Irish anti-fracking activist meets UN to discuss global fracking ban
March 6th, 2020
An Irish anti-fracking campaigner joined other activists, healthcare professionals and NGOs in New York this week to meet UN officials over their concerns with the controversial energy source.
Joining residents and campaigners from New York and Pennsylvania on Thursday, Eddie Mitchell of Love Leitrim met with Satya Tripathi, a UN Assistant Secretary-General and Head of New York Office at UN Environment (UNEP) to discuss possible support for a global ban on fracking.
The meeting was arranged on the back of an an open letter sent to the UN Secretary-General António Guterres last September that was organised by the environmental group Food & Water Action.
The letter was signed by over 450 activist groups, faith communities and celebrities including actor Mark Ruffalo, climate writers Naomi Klein and Bill McKibben and fashion icon Vivienne Westwood.
Love Leitrim campaigned tirelessly together with other grassroots and environmental groups to get a fracking ban on the political agenda in Ireland.
The group was instrumental in persuading former Sligo-Leitrim TD Tony McLoughlin to bring forward a Bill to prohibit onshore fracking that received support from across the political spectrum, passing into law in 2017.
Mr Mitchell warned, however, that fracked gas may still end up in Ireland through importation from the US to a proposed Shannon LNG gas terminal on the west coast.
“We banned fracking in Ireland because we listened to the alarm raised by affected communities like those living in Pennsylvania. We’re not going to facilitate the further poisoning of those people by importing fracked LNG into Ireland,” he said.
The High Court recently granted leave to an environmental group to challenge the decision of the State and the European Commission to put forward the Shannon LNG gas terminal for the EU’s list of priority energy projects.
Friends of the Irish Environment [FIE] alleges that both Ireland and the EU failed to carry out independent sustainability, climate and cost-benefit analysis of the terminal before putting it forward for the fourth Project of Common Interest (PCI) list as is required under EU law.
Inclusion on the list – that includes over 50 new fossil fuel projects – gives large-scale energy projects access to a streamlined planning and permitting process, as well as making them eligible for access to multi-billion euro funding.

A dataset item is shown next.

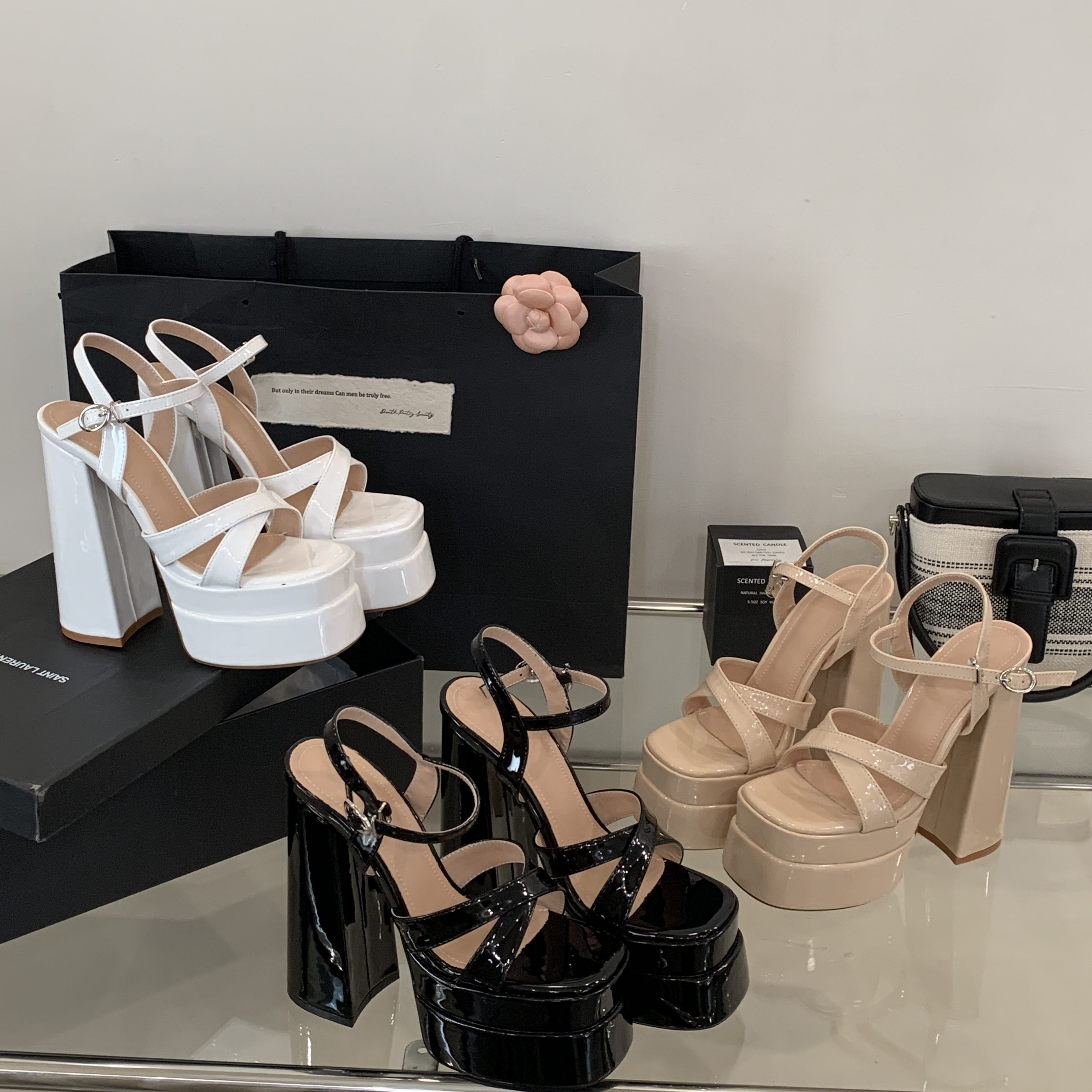 📚 15cm超高跟鞋防水台厚底凉鞋夏2025年新款小个子增高一字扣带凉鞋

At a meeting of the Parliament’s Energy Committee (ITRE) last October, the Deputy Director of the Commission’s energy department admitted that the climate and sustainability review of proposed projects was not carried out for any of the projects nominated for the four PCI lists to date.
Shannon LNG – one of the liquefied natural gas terminal and pipeline projects on the list – faces strong criticism from scientists, activists and even Hollywood star Mark Ruffalo over the high likelihood that the project will see fracked US gas imported to Ireland despite a national ban on the practise here.
FIE’s action includes the Minister for Climate Action and the Attorney General as FIE alleges that the State failed to assess the project before approving its inclusion on the PCI list, including having regard to the Climate Change Act 2015.
FIE is also seeking a declaration that Ireland is in breach of its EU obligations to allow for proper public consultation in the environmental decision making process.
Andy Gheorghiu of Food and Water Action Europe said that the Shannon LNG case “isn’t simply a case about Ireland” but would have significant ramifications across Europe.
“Ireland is leading the way in challenging the fossil fuel lock in proposed by the European Commission in spite of the Green New Deal,” he said. “This is a real, effective Climate Action with far-reaching consequences for Ireland and Europe’s energy choices – and for all our futures.”
A previous legal challenge from FIE to the extension of planning permission for the terminal is currently before the European Court of Justice. A preliminary Advocate General’s opinion is expected at the end of April.